-- Opening Marker --
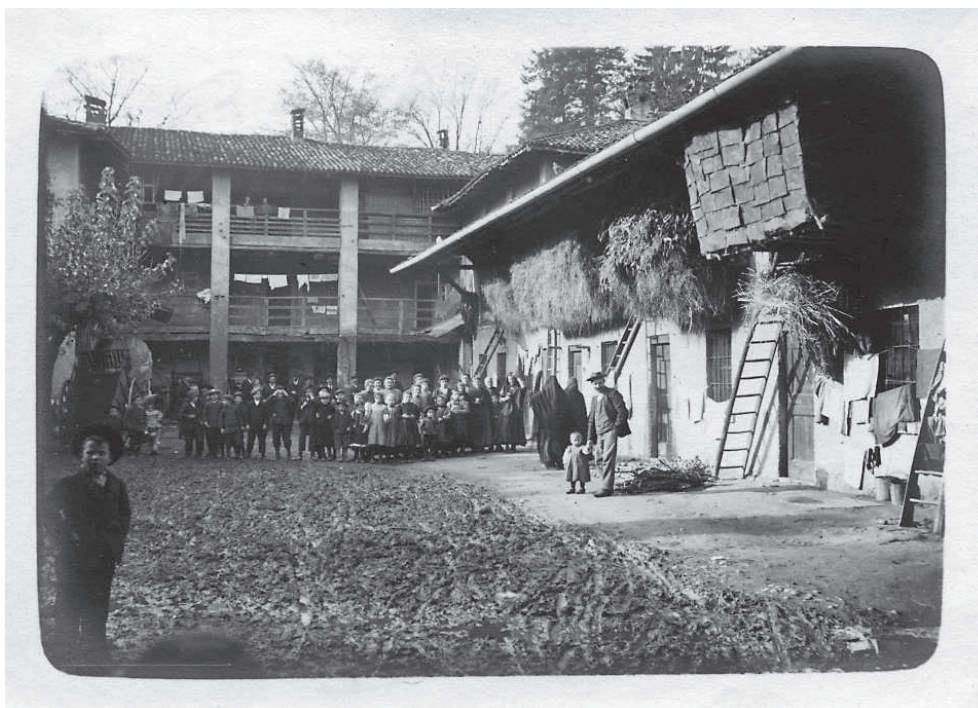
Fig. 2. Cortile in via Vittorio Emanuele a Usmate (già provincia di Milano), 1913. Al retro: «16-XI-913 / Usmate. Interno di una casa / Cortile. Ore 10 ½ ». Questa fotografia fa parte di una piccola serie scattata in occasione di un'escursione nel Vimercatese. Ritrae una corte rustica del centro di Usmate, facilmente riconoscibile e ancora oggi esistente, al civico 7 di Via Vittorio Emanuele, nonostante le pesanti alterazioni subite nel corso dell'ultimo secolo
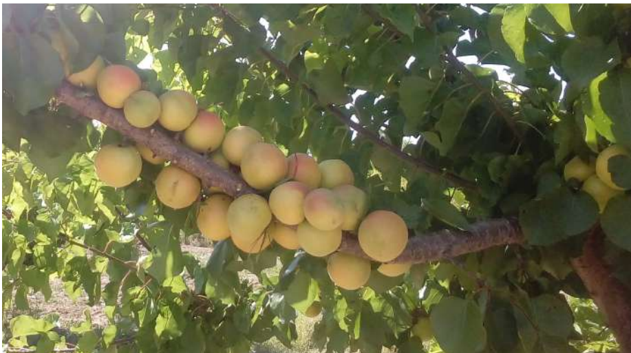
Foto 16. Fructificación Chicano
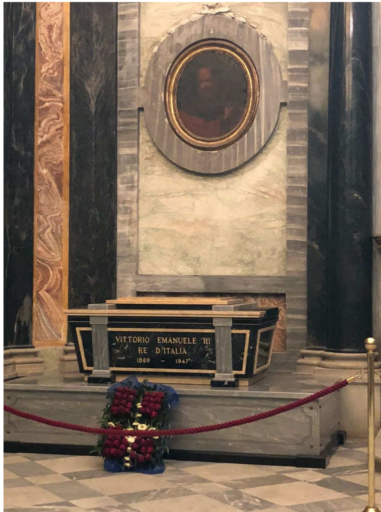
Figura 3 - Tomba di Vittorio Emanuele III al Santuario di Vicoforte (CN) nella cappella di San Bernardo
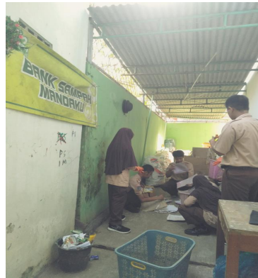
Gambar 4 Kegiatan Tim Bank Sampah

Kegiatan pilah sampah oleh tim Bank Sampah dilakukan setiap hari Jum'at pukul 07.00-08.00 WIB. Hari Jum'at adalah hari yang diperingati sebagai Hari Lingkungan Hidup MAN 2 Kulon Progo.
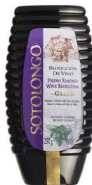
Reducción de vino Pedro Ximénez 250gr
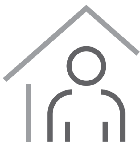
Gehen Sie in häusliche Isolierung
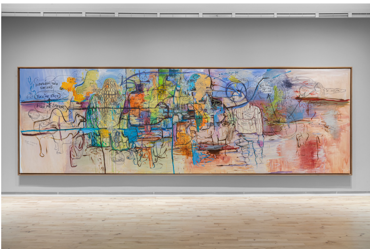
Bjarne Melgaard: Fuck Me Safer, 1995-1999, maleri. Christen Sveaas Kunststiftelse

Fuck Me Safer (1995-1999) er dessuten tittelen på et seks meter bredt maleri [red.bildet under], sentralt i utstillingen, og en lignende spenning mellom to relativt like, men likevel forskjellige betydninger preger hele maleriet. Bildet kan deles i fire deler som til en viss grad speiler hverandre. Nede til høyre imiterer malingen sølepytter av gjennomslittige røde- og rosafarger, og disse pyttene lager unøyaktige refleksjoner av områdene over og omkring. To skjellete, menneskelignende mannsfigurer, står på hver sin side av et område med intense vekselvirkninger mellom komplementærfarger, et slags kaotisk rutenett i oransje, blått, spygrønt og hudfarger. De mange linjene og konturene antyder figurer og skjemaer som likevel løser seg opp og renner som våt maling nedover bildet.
-- Closing Marker --
[TASK BRIEF]
Repeat exactly the lines above, from the line that contains "Figura 3 - Tomba" down through the line that contains "Bjarne Melgaard: Fuck". Include both of those lines and none of the pictures.

[WRITTEN SOLUTION]
Figura 3 - Tomba di Vittorio Emanuele III al Santuario di Vicoforte (CN) nella cappella di San Bernardo
Gambar 4 Kegiatan Tim Bank Sampah

Kegiatan pilah sampah oleh tim Bank Sampah dilakukan setiap hari Jum'at pukul 07.00-08.00 WIB. Hari Jum'at adalah hari yang diperingati sebagai Hari Lingkungan Hidup MAN 2 Kulon Progo.
Reducción de vino Pedro Ximénez 250gr
Gehen Sie in häusliche Isolierung
Bjarne Melgaard: Fuck Me Safer, 1995-1999, maleri. Christen Sveaas Kunststiftelse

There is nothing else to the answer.